**Problem requirements**.
The line with "Also assisting revenue" marks the first line to copy, and the line with "8 Cestas Cestinha" marks the last. Transcribe that stretch of the data below exactly, without pictures.

[Entries taken from a collection]

···

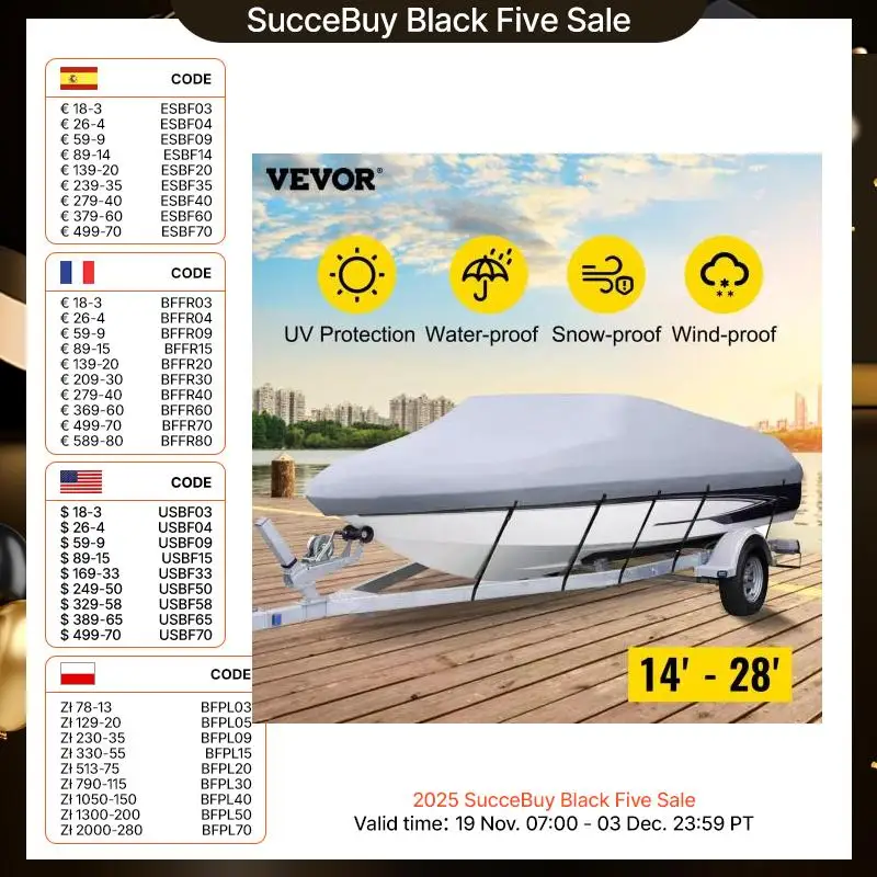 Ajustement universel : Conçue for s'adapter aux bateaux à coque en V de 14 à 28 pieds, cette housse est polyvalente for différentes tailles et formes CaractéristiquesModèle : Housse de bateau 17-19Convient for : bateau de 17 à 19 piedsLongueur : 17'-19'/ 518 cm -579 cmLargeur du faisceau : jusqu'à 102/ 259 cmMatériau : tissu Oxford 210DContenu du paquet1 x Housse de bateau1 x sac de rangement5 sanglesCaractéristiquesModèle : Housse de bateau 25-28Longueur : 25'-28'Largeur du faisceau : jusqu'à 118Matériau : tissu Oxford 210DContenu du paquet1 x Housse de bateau1 x sac de rangement5 x sanglesCaractéristiquesModèle : Housse de bateau 20-22Longueur : 20'-22' / 610 cm-670 cmLargeur du faisceau : jusqu'à 106 / 269 cmMatériau : tissu Oxford 210DContenu du paquet1 x Housse de bateau1 x sac de rangement5 x sanglesCaractéristiquesModèle : Housse de bateau 14-16Longueur : 14'-16'/427 cm -488 cmLargeur du faisceau : jusqu'à 90/ 229 cmMatériau : tissu Oxford 210DContenu du paquet1 x Housse de bateau1 x sac de rangement5 sangles Protection toutes saisons : offre une protection complète contre la pluie, la neige, le vent et les rayons UV, garantissant que votre bateau reste impeccable Tissu Oxford Marine Bache Bateau Housse De Protection Imperméable For Bateau Housse Protection Bateau La housse de bateau s'adapte aux bateaux de 16 à 18,5 pieds avec un tissu 600D de qualité marine, offre une imperméabilité, une protection UV et un ajustement parfait avec des sangles réglables Acheter housse console de protection bateau gris Lazilas | Bache bateau... Bâche de protection pour bateau imperméable 530x290cm - Sport
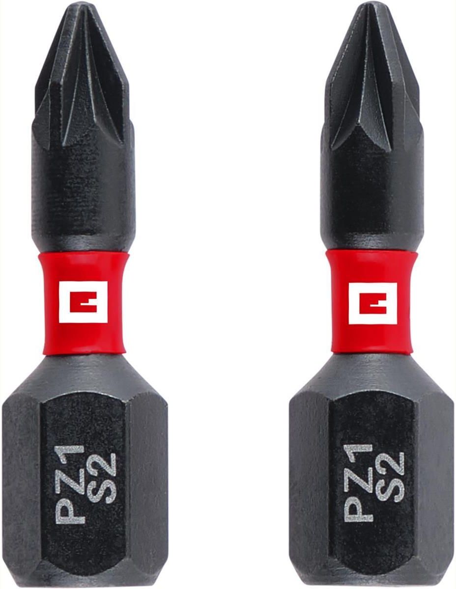 Zestaw dwóch wytrzymałych bitów skrętnych PZ1 S2 o długości 25 mm, wykonanych z wysokiej jakości stali S2, gwarantujących trwałość i niezawodność podczas pracy.
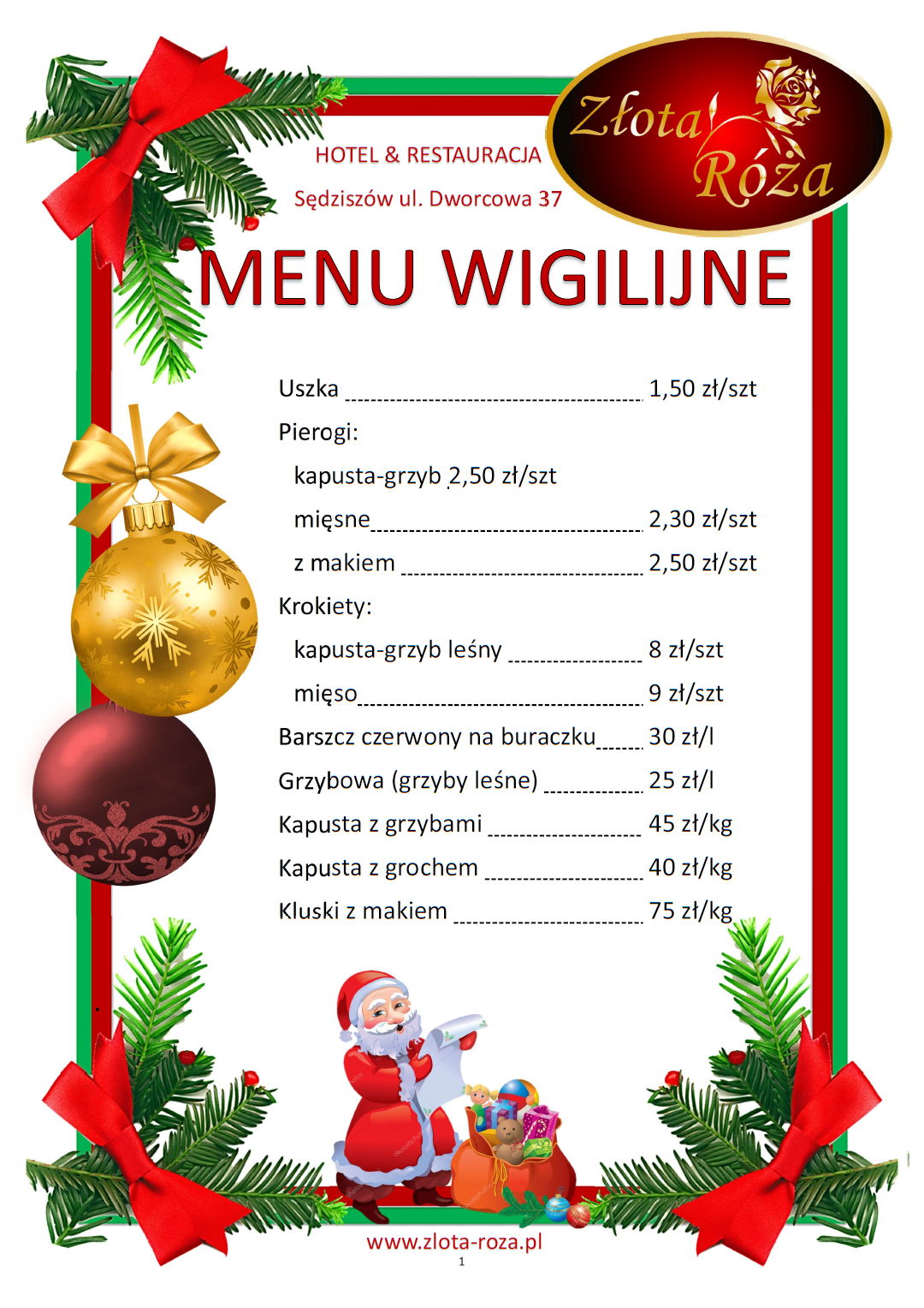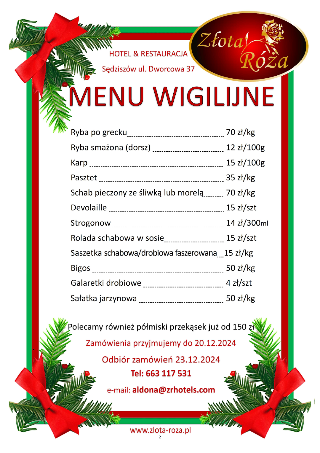 Menu wigilijne 2024- Catering wigilijny 2024 Złota Róża - Sędziszów
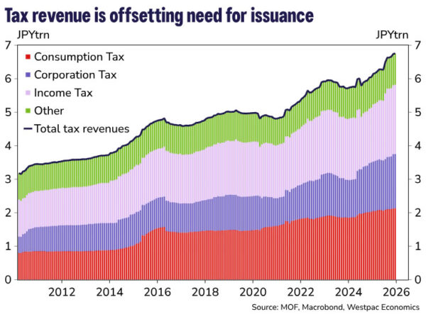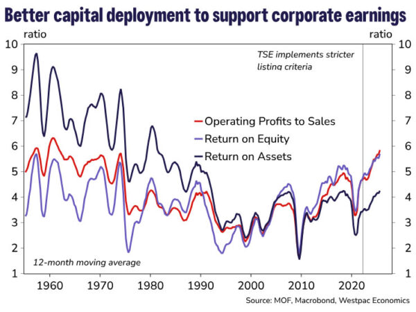 Also assisting revenue growth, will be the impact corporate governance reforms have had on profitability. Over the last three years, the Tokyo Stock Exchange requirements have forced firms to unwind their cross-shareholdings and improve capital efficiency which has seen the return on equity climb to an average of 5.5 in the year to September 2025, compared to an average of 3.4 over 1990–2019 and 4.0 over 1960–90. Combined with a shift in price-setting behaviour and strong export earnings, corporate profits have reached levels unseen since before the Lost Decades. The benefits of these corporate reforms are likely to support profitability and hence corporate tax revenue going ahead.
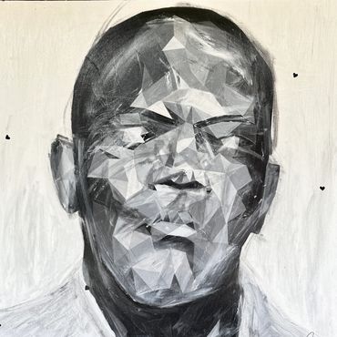 My commissioned work is interpretive rather than literal. I listen closely to the subject, story, or energy behind the request, then translate it through my own visual language. The result is a one-of-a-kind piece that reflects both the essence of the subject and my artistic perspective – unexpected, personal, and emotionally driven.
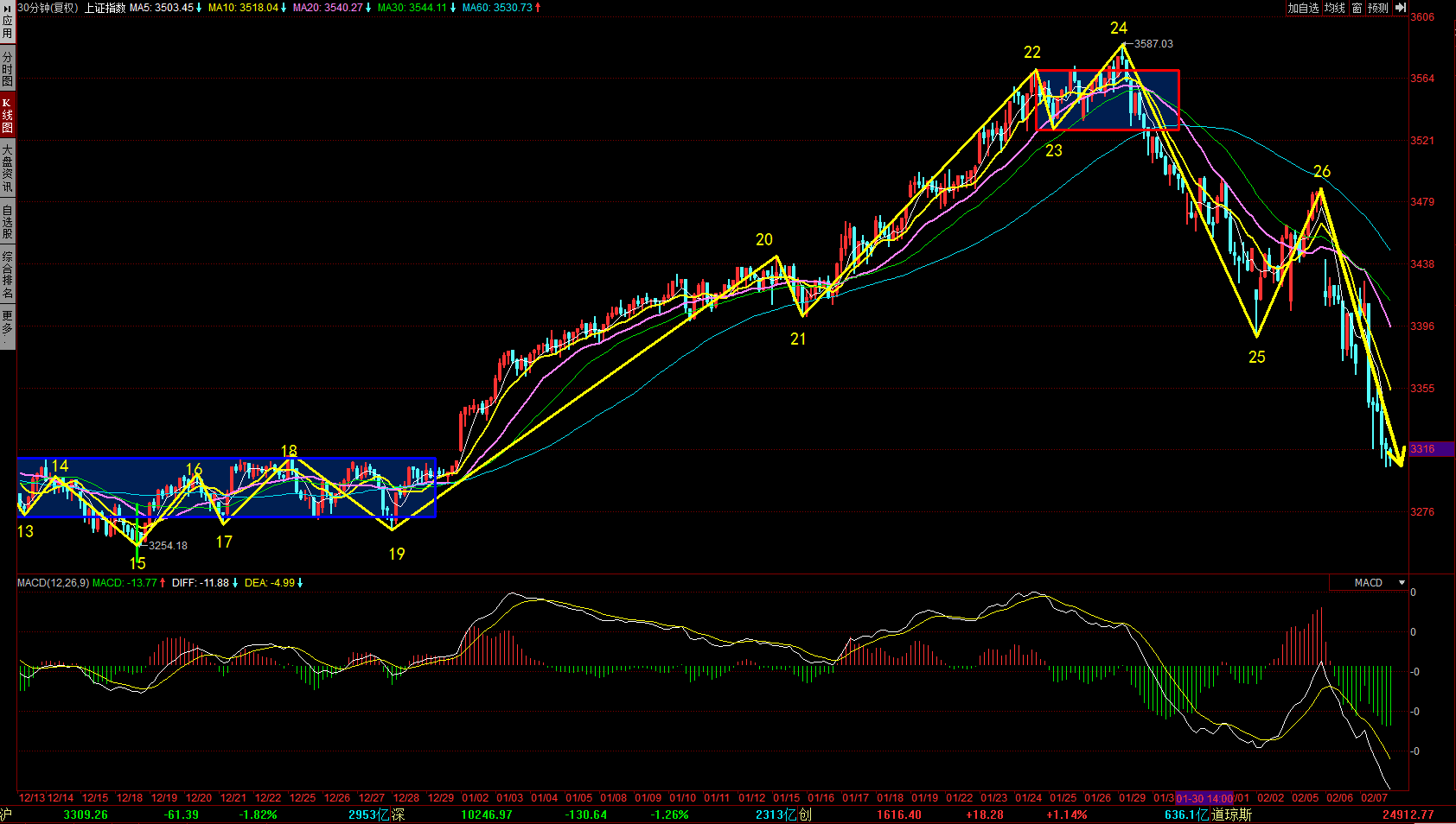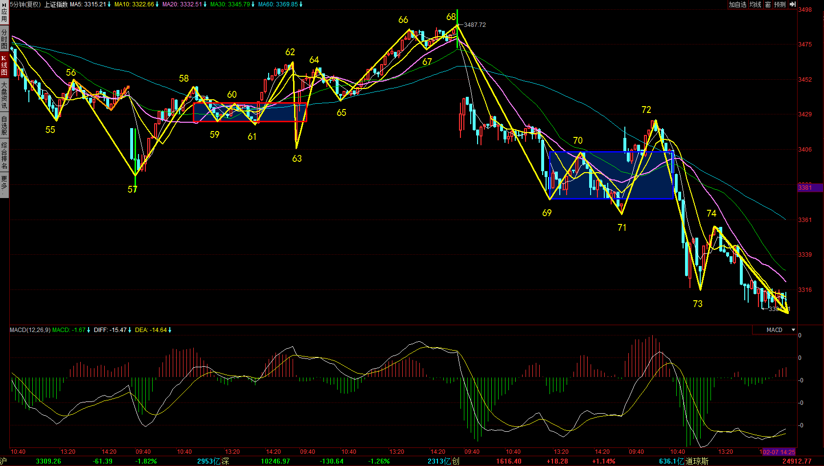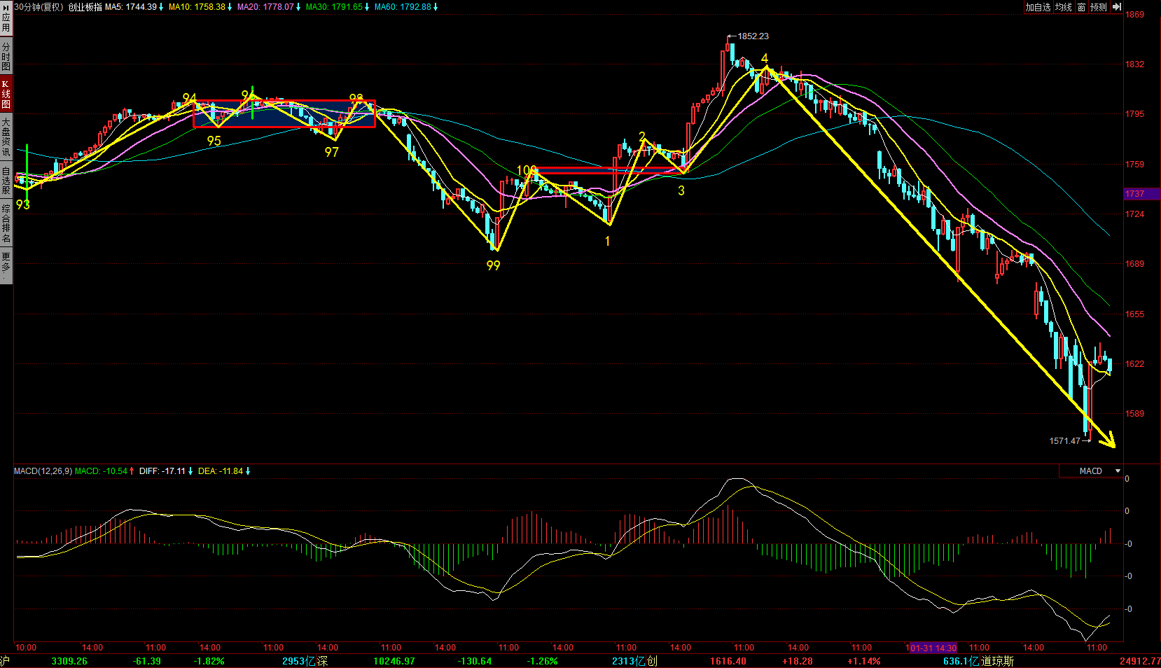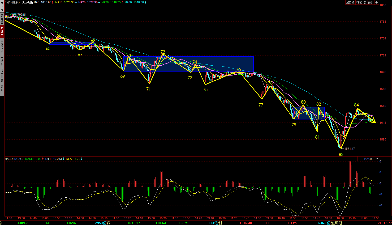 而創(chuàng)業(yè)板指數(shù)這邊,早盤(pán)很快就把跳空缺口完全回補(bǔ)掉,隨后82-83創(chuàng)出了階段新低。但是這一筆對(duì)應(yīng)的MACD面積要比76-79小,所以構(gòu)成了5分鐘級(jí)別的背馳段,隨后的快速拉回就構(gòu)成了今天的探底回升。從走勢(shì)結(jié)構(gòu)預(yù)估,創(chuàng)業(yè)板指數(shù)這里大概率是要改變一下下跌速度,因?yàn)橹跋碌俣确浅?,所以這里很有可能會(huì)構(gòu)筑一個(gè)30分鐘級(jí)別的下跌中樞然后再來(lái)選擇方向。這一點(diǎn)一定要說(shuō)清楚,對(duì)日線下跌一筆而言,目前沒(méi)有結(jié)束,這里這是可能改變過(guò)去下跌比較快的速度,這里請(qǐng)所有同學(xué)知悉。
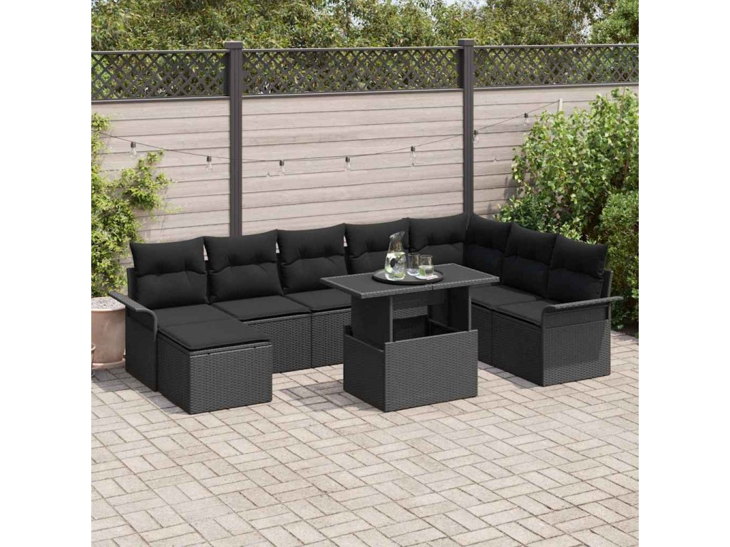 Súprava záhradných pohoviek s vankúšom 9 pcs Čierna Poly ratan 3348339
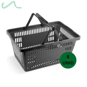 8 Cestas Cestinha Plastica Preta Reforçada Supermercado Mercado 16 Litros
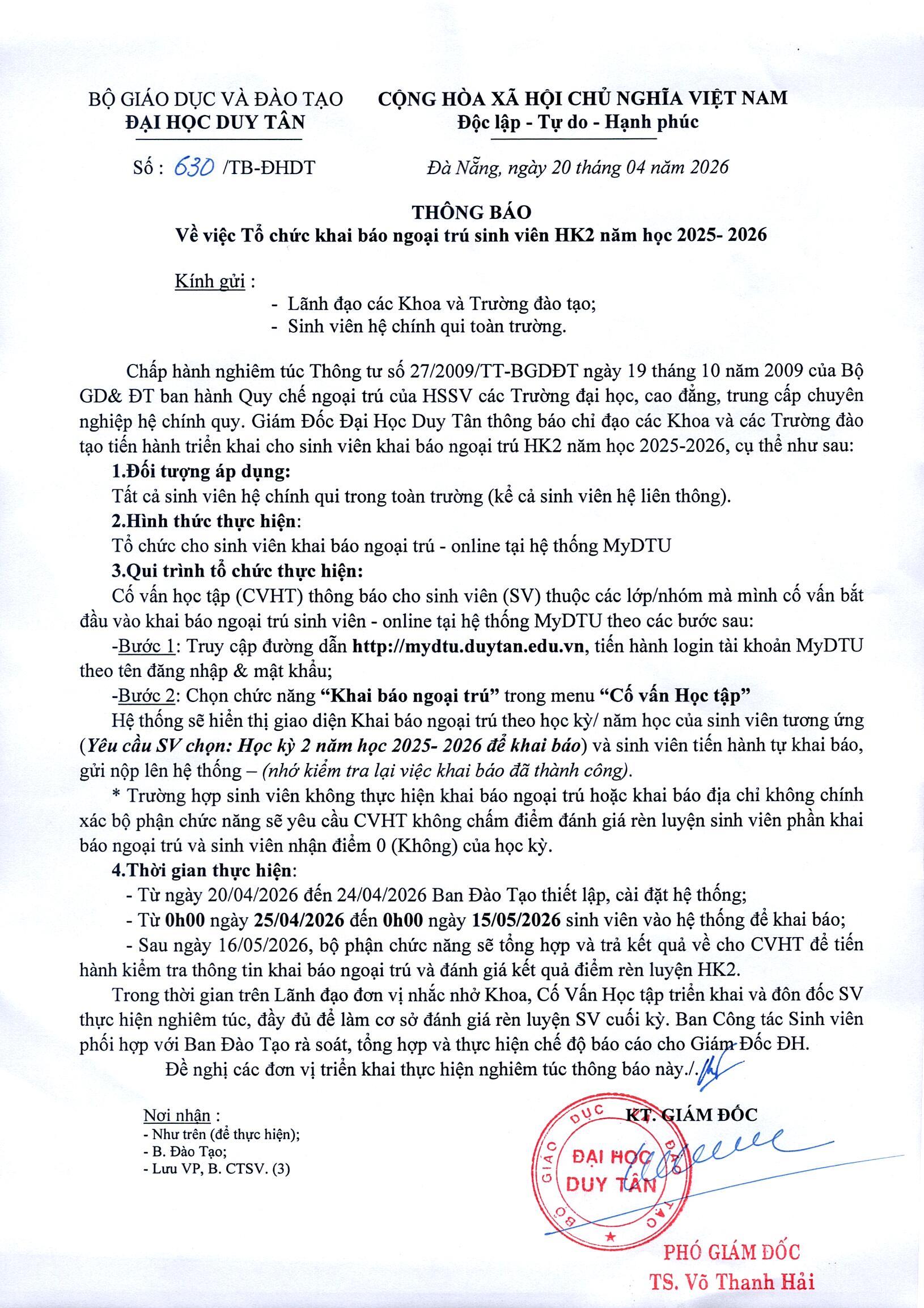 - KẾ HOẠCH ĐẢM BẢO AN NINH TRẬT TỰ TẠI ĐẠI HỌC DUY TÂN NĂM 2026
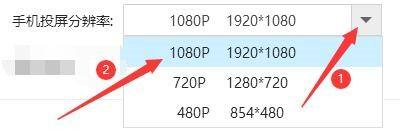 第五步:在“投屏”窗口中,点击“手机投屏分辨率”按钮,并在弹出栏目中,选择需要设置的分辨率(如图所示)。
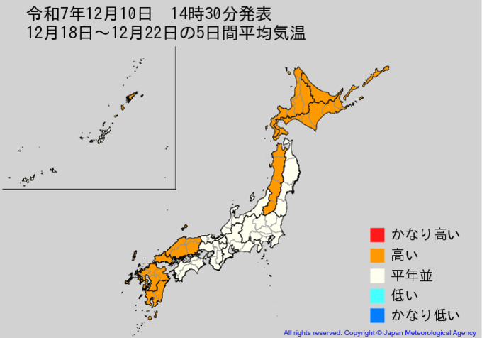 【2週間気温予報】北・東・西日本の気温は向こう6日間程度は平年並か低い日が多い予報 その後は平年並か高い見込み 全国の天気を画像で 気象庁 テレビユー山形 2025年12月10日(水) 15:56 国内 ■12月18日~12月22日の5日間平均気温 ・8日先から12日先まで5日間平均した日平均気温を表示しています。 ・かなり高い(かなり低い)は、かなり高い(かなり低い)気温となる確率が30%以上のときに表示します。

···

**Answer for the task**.
 Also assisting revenue growth, will be the impact corporate governance reforms have had on profitability. Over the last three years, the Tokyo Stock Exchange requirements have forced firms to unwind their cross-shareholdings and improve capital efficiency which has seen the return on equity climb to an average of 5.5 in the year to September 2025, compared to an average of 3.4 over 1990–2019 and 4.0 over 1960–90. Combined with a shift in price-setting behaviour and strong export earnings, corporate profits have reached levels unseen since before the Lost Decades. The benefits of these corporate reforms are likely to support profitability and hence corporate tax revenue going ahead.
 My commissioned work is interpretive rather than literal. I listen closely to the subject, story, or energy behind the request, then translate it through my own visual language. The result is a one-of-a-kind piece that reflects both the essence of the subject and my artistic perspective – unexpected, personal, and emotionally driven.
 而創(chuàng)業(yè)板指數(shù)這邊,早盤(pán)很快就把跳空缺口完全回補(bǔ)掉,隨后82-83創(chuàng)出了階段新低。但是這一筆對(duì)應(yīng)的MACD面積要比76-79小,所以構(gòu)成了5分鐘級(jí)別的背馳段,隨后的快速拉回就構(gòu)成了今天的探底回升。從走勢(shì)結(jié)構(gòu)預(yù)估,創(chuàng)業(yè)板指數(shù)這里大概率是要改變一下下跌速度,因?yàn)橹跋碌俣确浅?,所以這里很有可能會(huì)構(gòu)筑一個(gè)30分鐘級(jí)別的下跌中樞然后再來(lái)選擇方向。這一點(diǎn)一定要說(shuō)清楚,對(duì)日線下跌一筆而言,目前沒(méi)有結(jié)束,這里這是可能改變過(guò)去下跌比較快的速度,這里請(qǐng)所有同學(xué)知悉。
 Súprava záhradných pohoviek s vankúšom 9 pcs Čierna Poly ratan 3348339
 8 Cestas Cestinha Plastica Preta Reforçada Supermercado Mercado 16 Litros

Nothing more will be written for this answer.